Les protéines au jardin

ven, 01/03/2019 - 00:00 -- Angela David
Rubrique : 

Une alimentation équilibrée nécessite un apport suffisant en protéines. Légumineuses, céréales, oléagineux... que vous soyez végétarien ou pas, votre jardin peut vous fournir des protéines végétales très bénéfiques pour votre santé.

Les protéines sont indispensables à la vie, ce sont des molécules qui ont, à la fois, un rôle dans la constitution de tous les organismes (bactérie, virus, végétal, animal…) et dans leur fonctionnement (métabolisme, transmission du message génétique…). Ce sont donc des incontournables de notre ration alimentaire.

Avant de faire le point sur la contribution du jardin à notre alimentation protéique, voyons rapidement ce qu’est une protéine et comment elle se fabrique au jardin.

Les protéines sont des molécules complexes, riches en azote.

Comment se forment-elles à partir de l’azote disponible au jardin ?
Réponse avec le petit croquis ci-dessous...

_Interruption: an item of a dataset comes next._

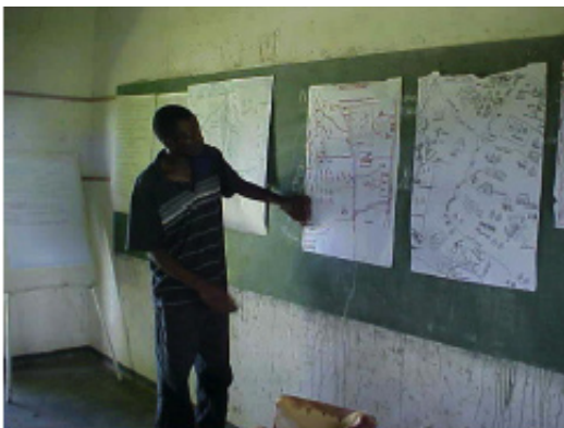
Community member illustrating a point during FDGs

Credit associations and savings clubs were mentioned by the women of Senzere as a reliable coping mechanism.

Zoom sur une famille botanique étonnante, les légumineuses

Ces plantes sont connues pour utiliser l’azote de l’air, elles le font pour fabriquer des protéines grâce au contrat passé avec un type de bactéries, les rhizobiums. Il s’établit une relation à bénéfices réciproques, appelée symbiose, observable grâce aux nodules que la plante développe sur ses racines.
La bactérie est hébergée et profite de la sève élaborée (1).
En échange, elle fournit au végétal l’azote qu’elle capte dans l’air, pour qu’il fabrique des protéines. Avantage pour la planète : l’apport d'engrais azoté est inutile et les résidus des cultures de légumineuses enrichissent le sol en azote pour les cultures suivantes.

Le jardin peut-il couvrir nos besoins en protéines ?

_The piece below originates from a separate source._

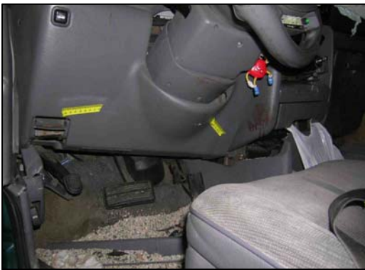
Figure 6 - Damaged knee left bolster.

of the driver's knees ( Figure 6 ). The first scuff mark attributed to the driver's left knee was located 10 cm (3.9") inboard of the left aspect and 13 cm (5.1") above the bottom edge of the instrument panel and was 8 cm (3.1) in length. The second scuff mark attributed to the driver's right knee was located 44 cm inboard of the left edge and 13 cm (5.1") above the bottom edge of the instrument panel and measured 11 cm (4.3") in length. Body fluid transfers were also present on the lower knee bolster and on the underside of the steering column. The brake pedal was bent probably due to a combination of toe pan intrusion accompanied with foot placement and loading force due to the kinematics of the driver ( Figure 7 ). The steering wheel rim was also deformed as the driver loaded through the air bag and her abdomen contacted the lower aspect of the rim ( Figure 8 ). The bottom half of the steering wheel rim bent forward 3 cm. (1.2"). The steering column completely separated from the shear capsules ( Figure 9 ).

Même si les avis sont encore partagés, il est admis qu’une alimentation végétale équilibrée en protéines dépend d’une couverture quantitative suffisante des besoins protéiques et d’une diversification des aliments végétaux.
Il faut consommer à la fois des céréales (riz, blé, maïs…), des légumineuses (pois, haricots, fèves, lentilles…), sans oublier les graines oléagineuses (noisettes, amandes, courges, cacahuètes…).

Quels sont nos besoins quotidiens en protéines ?

On les évalue en grammes de protéines/jour/kg de poids.
• Pour l’adulte : 0,8 g (40 g pour un poids de 50 kg)
• les jeunes et les seniors : 1 g
• la femme enceinte : 1,2 g
• les sportifs : on est plutôt entre 1,2 et 1,5 g et jusqu’à 2 g pour les sports de force.

Comment se faire une idée de la teneur en protéines des plantes ?

De nombreux sites et ouvrages spécialisés publient des listes de plantes riches en protéines. Choisissez des sources fiables, croisez les informations...

En principe, les données chiffrées :
• correspondent à une mesure de la teneur brute en protéines rapportée à 100 g – en règle générale, on parle de protéines brutes (2)
• précisent l’état du végétal, vert ou sec / cru ou cuit, pour donner la teneur brute en protéines.

Voici un exemple : lentille blonde sèche : 26,1 g/100 g lentille blonde cuite : 9,7 g/100 g.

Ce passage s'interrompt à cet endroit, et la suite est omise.